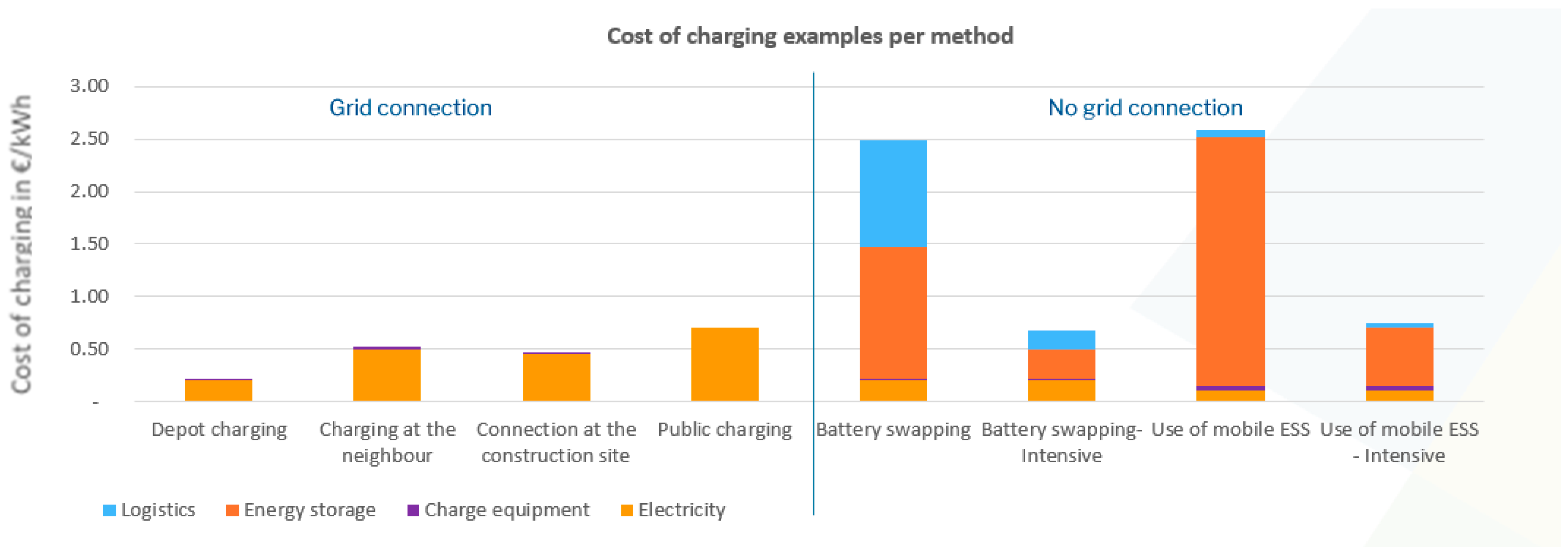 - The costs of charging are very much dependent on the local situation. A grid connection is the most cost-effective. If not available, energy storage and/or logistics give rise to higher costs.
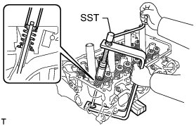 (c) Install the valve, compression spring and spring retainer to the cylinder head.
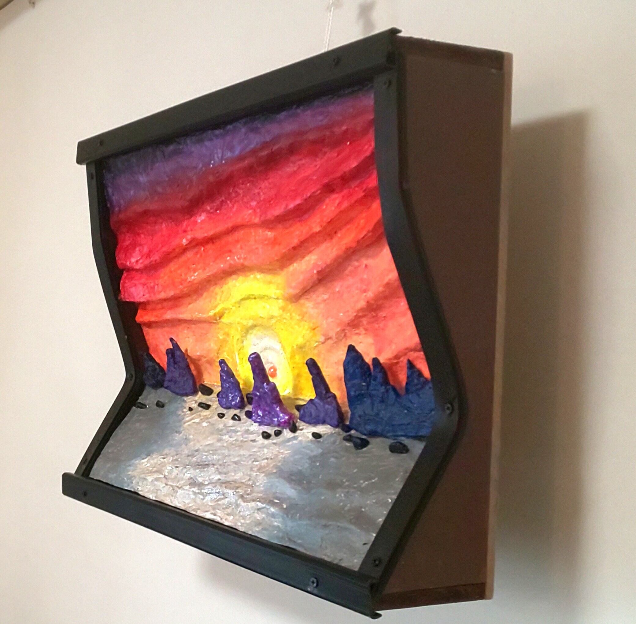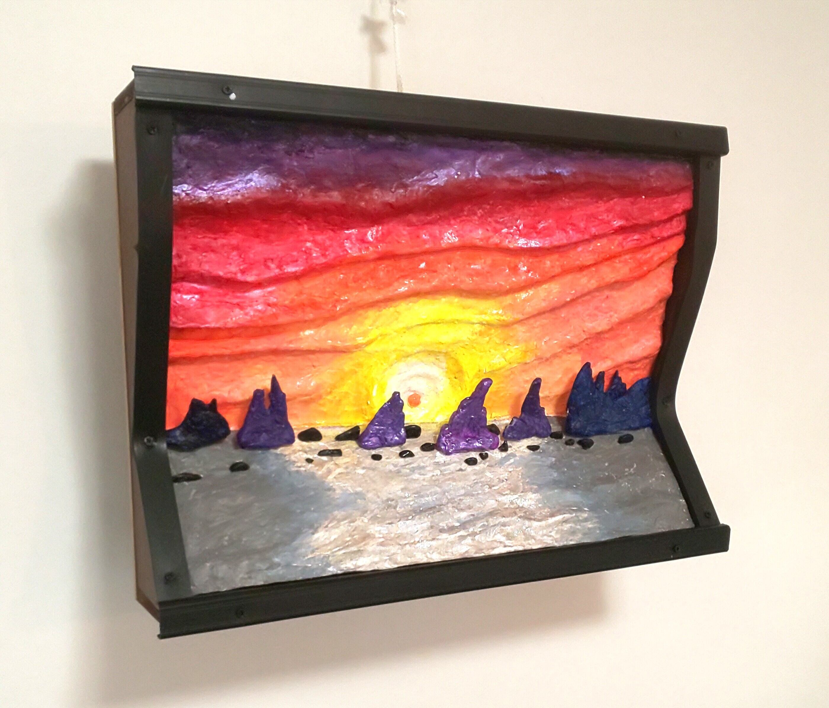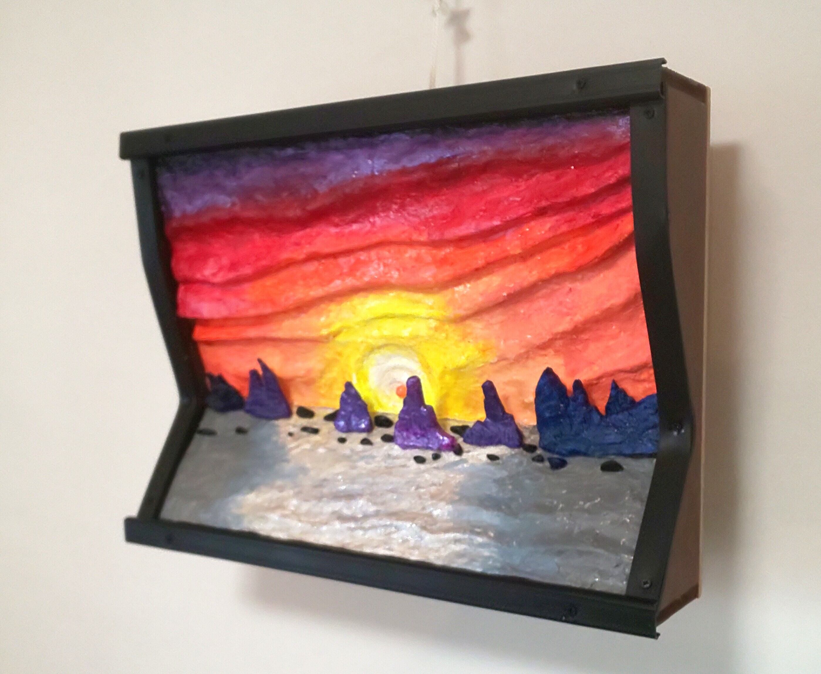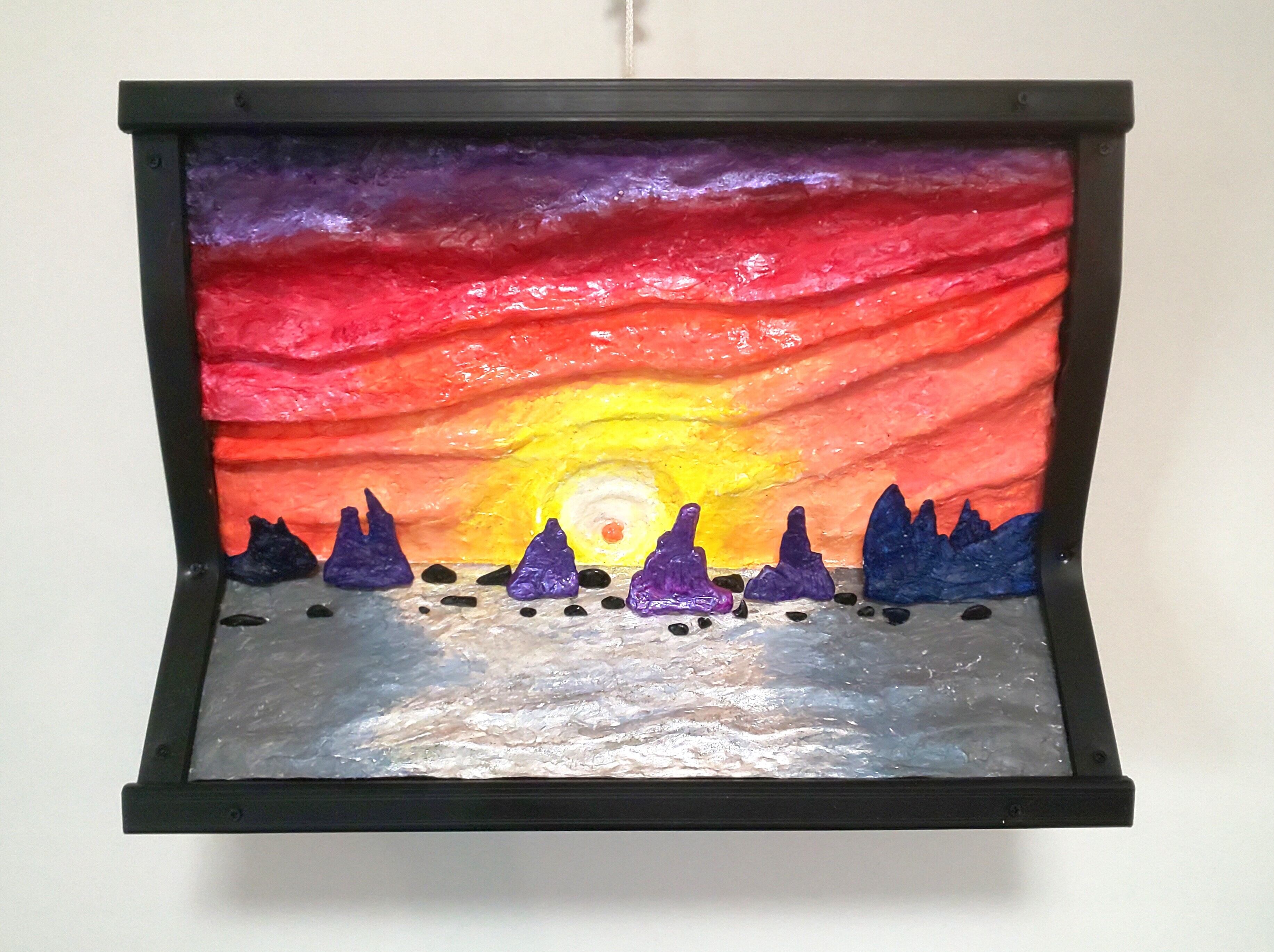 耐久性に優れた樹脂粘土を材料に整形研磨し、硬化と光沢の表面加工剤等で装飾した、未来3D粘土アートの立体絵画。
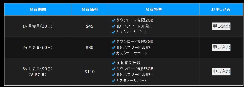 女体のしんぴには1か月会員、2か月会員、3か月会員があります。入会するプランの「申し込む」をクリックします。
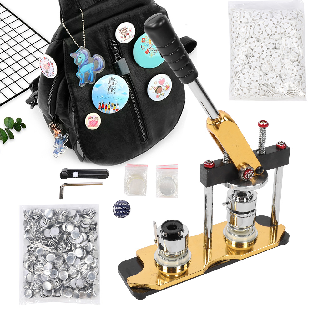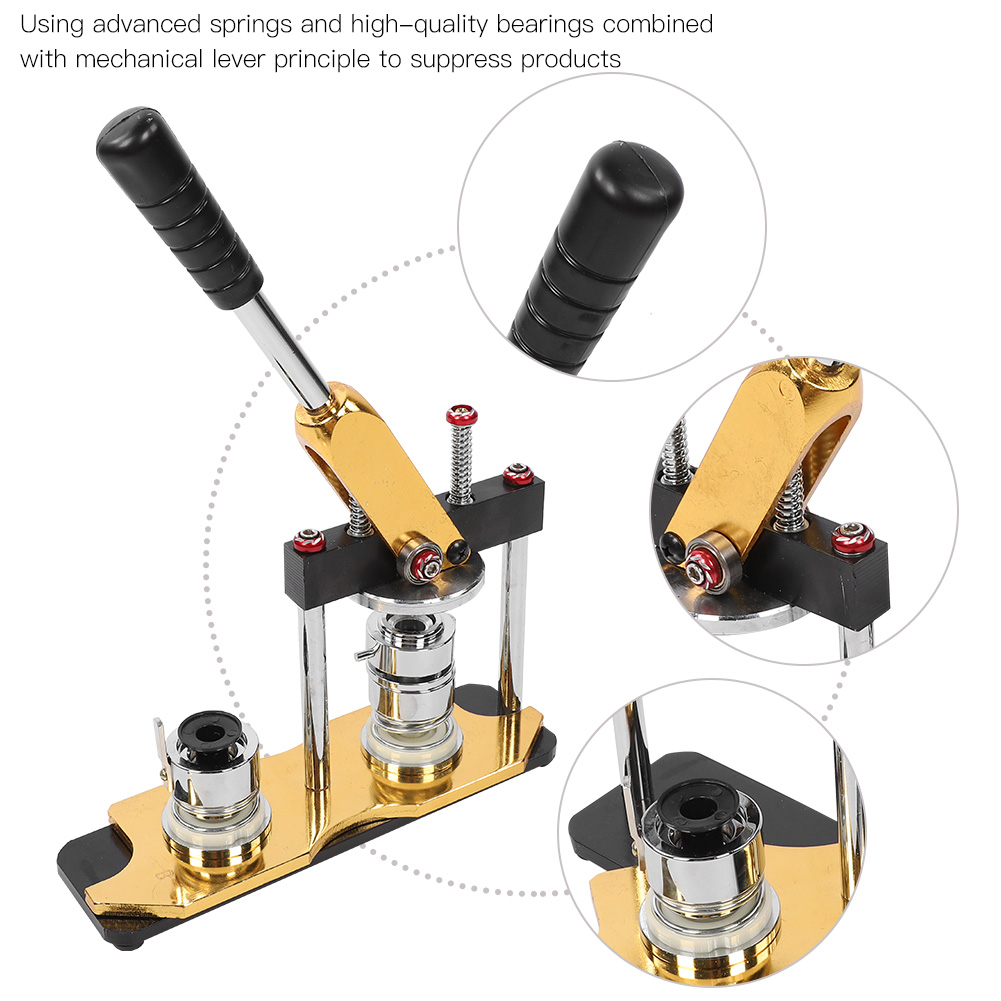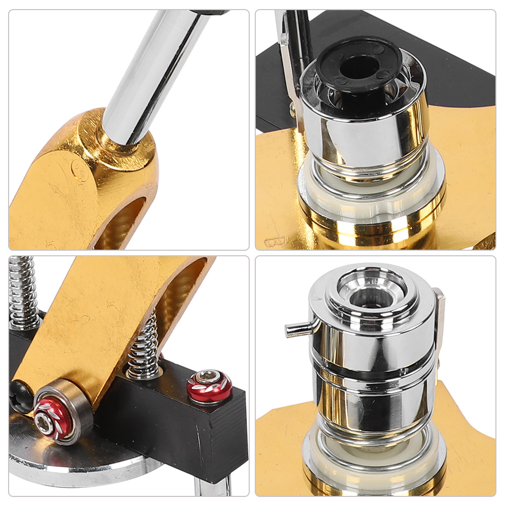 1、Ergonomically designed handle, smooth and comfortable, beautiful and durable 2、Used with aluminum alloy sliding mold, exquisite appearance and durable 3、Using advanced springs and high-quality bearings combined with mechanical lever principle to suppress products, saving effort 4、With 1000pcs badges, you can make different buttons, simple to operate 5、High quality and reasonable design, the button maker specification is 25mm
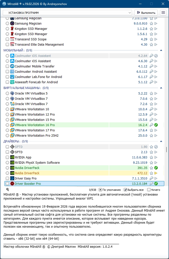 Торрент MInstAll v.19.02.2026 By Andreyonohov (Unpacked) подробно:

• **REQUIREMENT**
Set down each entry above word for word, without its pictures.

• **OUTPUT FOR THIS TASK**
 - The costs of charging are very much dependent on the local situation. A grid connection is the most cost-effective. If not available, energy storage and/or logistics give rise to higher costs.
 (c) Install the valve, compression spring and spring retainer to the cylinder head.
 耐久性に優れた樹脂粘土を材料に整形研磨し、硬化と光沢の表面加工剤等で装飾した、未来3D粘土アートの立体絵画。
 女体のしんぴには1か月会員、2か月会員、3か月会員があります。入会するプランの「申し込む」をクリックします。
 1、Ergonomically designed handle, smooth and comfortable, beautiful and durable 2、Used with aluminum alloy sliding mold, exquisite appearance and durable 3、Using advanced springs and high-quality bearings combined with mechanical lever principle to suppress products, saving effort 4、With 1000pcs badges, you can make different buttons, simple to operate 5、High quality and reasonable design, the button maker specification is 25mm
 Торрент MInstAll v.19.02.2026 By Andreyonohov (Unpacked) подробно:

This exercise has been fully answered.